Nuclear magnetic resonance (NMR) is a physical phenomenon based upon the quantum mechanical magnetic properties of an atom's nucleus. Magnetic nuclei, like ¹H and ³¹C, absorb radiofrequency energy when placed in a magnetic field of a strength specific to the identity of the nuclei. When this absorption occurs, the nucleus is described as being in resonance. Different atoms within a molecule resonate at different frequencies at a given field strength. The observation of the resonance frequencies of a molecule allows a user to discover structural information about the molecule. This phenomenon is known as the chemical shift and is the most important characteristic of a nucleus in terms of NMR. The shift of an individual atom depends on its atomic properties, such as the type of nucleus, its hybridization state and the overall electronic environment surrounding the nucleus (bonds, conjugation networks etc.).

In an NMR spectrum each atom of interest is associated with a peak characterized by a chemical shift, the intensity of the peak and one or more coupling constants associated with interacting nuclei. Since nuclei themselves are little magnets they can influence each other and change the energy of nearby nuclei as they resonate. This phenomenon is known as spin–spin coupling. The most important type of interaction is scalar coupling and occurs between two nuclei mediated through chemical bonds, and can be seen up to three bonds away. Longer range nuclei can also be experienced.

For a complex molecule a spectrum can be a complex distribution of chemical shifts, homonuclear and heteronuclear couplings and spectra can be envisaged to represent a fingerprint of a structure. The information contained within a spectrum commonly provides sufficient information to elucidate a chemical structure. For a complex structure a series of different spectra and other forms of analytical data are generally required.

Computer-based approaches to the analysis of complex data sets have revolutionized chemistry, physics and biology and applications of computers to structure elucidation problems are a natural extension. A comprehensive review of contemporary computer-based structure elucidation techniques can be found in [1]. An obvious first step when determining the structure of a compound by its NMR spectra is to search available NMR databases. There are numerous databases available, both free and commercial, allowing users to search by chemical shift information and to identify consistent chemical structures. If the structure is not found among known structures then the procedure for computer based structure elucidation consists of two parts: generating all possible isomers and choosing the structure best matching the experimental data. All possible isomers of a structure can be generated based on its molecular formula but the number structures obtained in this case is usually ridiculously large. A better approach to the analysis of the data is to hypothesize a set of possible isomers using information from mass spectrometry data, appropriate 2D NMR correlations, user input regarding reaction materials or prior knowledge of the system under study, etc. In both cases, the user will then interpret the available information or acquire additional supporting data to whittle down the list of isomers to a final structure consistent with all of the data.

If spectral data are incomplete by nature or due to the poor quality of the experimental data, as often occurs in everyday situations, more than one structure can correspond to the spectral data. The challenging problem of selecting the best structure from several candidates now arises. Generally the subset of structures is generally quite close in nature and match the spectral data fairly consistently. To resolve this challenge the comparison of calculated and experimental carbon ¹³C NMR spectra associated with the generated structures is the most powerful method available [1]. To determine numerically how likely a structure is, for each atom the values of the calculated and experimental chemical shifts are compared with each other.

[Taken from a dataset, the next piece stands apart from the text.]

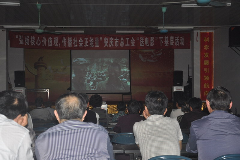 4月28日,安慶市總工會“送電影下基層活動”走進皖河農場,為農場職工群眾放映了愛國主義影片《我的長征》,弘揚核心價值觀,傳播社會正能量,營造了慶祝“五一”、構建和諧的良好氛圍,豐富了農場人的精神文化生活。(徐麗燕)

After this procedure of ranking the candidate isomers by the obtained differences in predicted and experimental shifts the structure with the smallest difference is considered as the correct structure.

Three different classes of algorithms have been developed to predict chemical shifts. Database-based algorithms use a search of similar structures in a large database of assigned chemical structures. When similar structures are found it is possible to calculate the chemical shifts of atoms of interest. The quality of prediction strongly depends on both the database size and the diversity of structures contained in the database. The Hierarchical Organization of Spherical Environments (HOSE-code [2]) is the most popular method to predict chemical shifts. It based on atom-centered encoding of a structure. For each atom in a queried structure the algorithm describes the environment of an atom in order to find atoms with a similar environment in a database. The shift value is determined from the information recovered and is an aggregated chemical shift value, commonly an average or weighted average. An obvious disadvantage of such algorithms is their poor performance for diverse structures with no representative structural fragments within the database. These algorithms also work quite slowly, of the order of seconds to tens of seconds for complex structures. Despite these limitations, database-based algorithms have been used as the basis of CSEARCH [3], [4], in commercial prediction software (for example ACD/Labs [5] and SpecInfo [6]) and in the open-source application NMRShiftDB [7].

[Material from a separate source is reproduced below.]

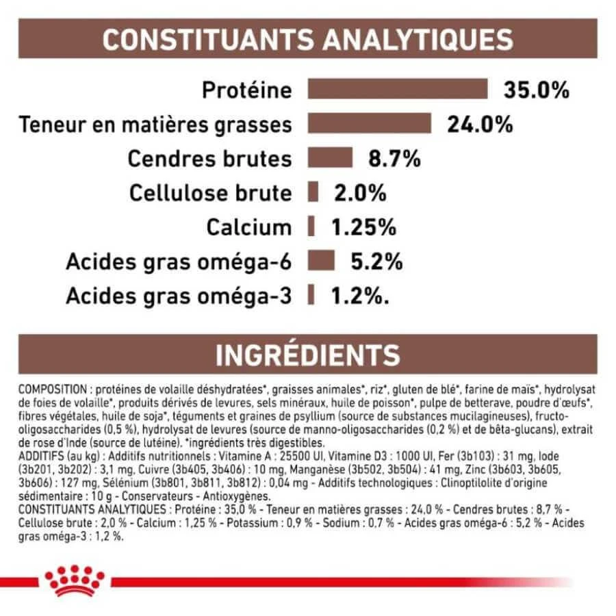 Une haute densité énergétique permet de couvrir les besoins du chat adulte tout en limitant le volume des repas et en réduisant la charge intestinale. Elle permet aussi une récupération plus rapide.

Rule-based or incremental algorithms also require databases of structures with associated chemical shifts in order to derive a set of empirical rules. The approach was introduced in 1964 by Grant and Paul [8] and was later extended and applied in a variety of software packages [9], [10], [11], [12], [13], [14]. A molecule can be described as a combination of either atoms or larger fragments. It appears that fragment-based methods are generally more attractive from a chemist's point of view but they have their own disadvantages. Specifically, the procedure for fragment identification is markedly slower than simply assigning atom types. Moreover, the description can be ambiguous in the case of overlapping fragments. As a result of increased computational power, it became possible to calculate rules not only via least-squares regression approaches [15], [16] but also using artificial neural networks [17], [18], [19], [20]. The relative advantages and disadvantages of these methods still remains a subject of debate [21].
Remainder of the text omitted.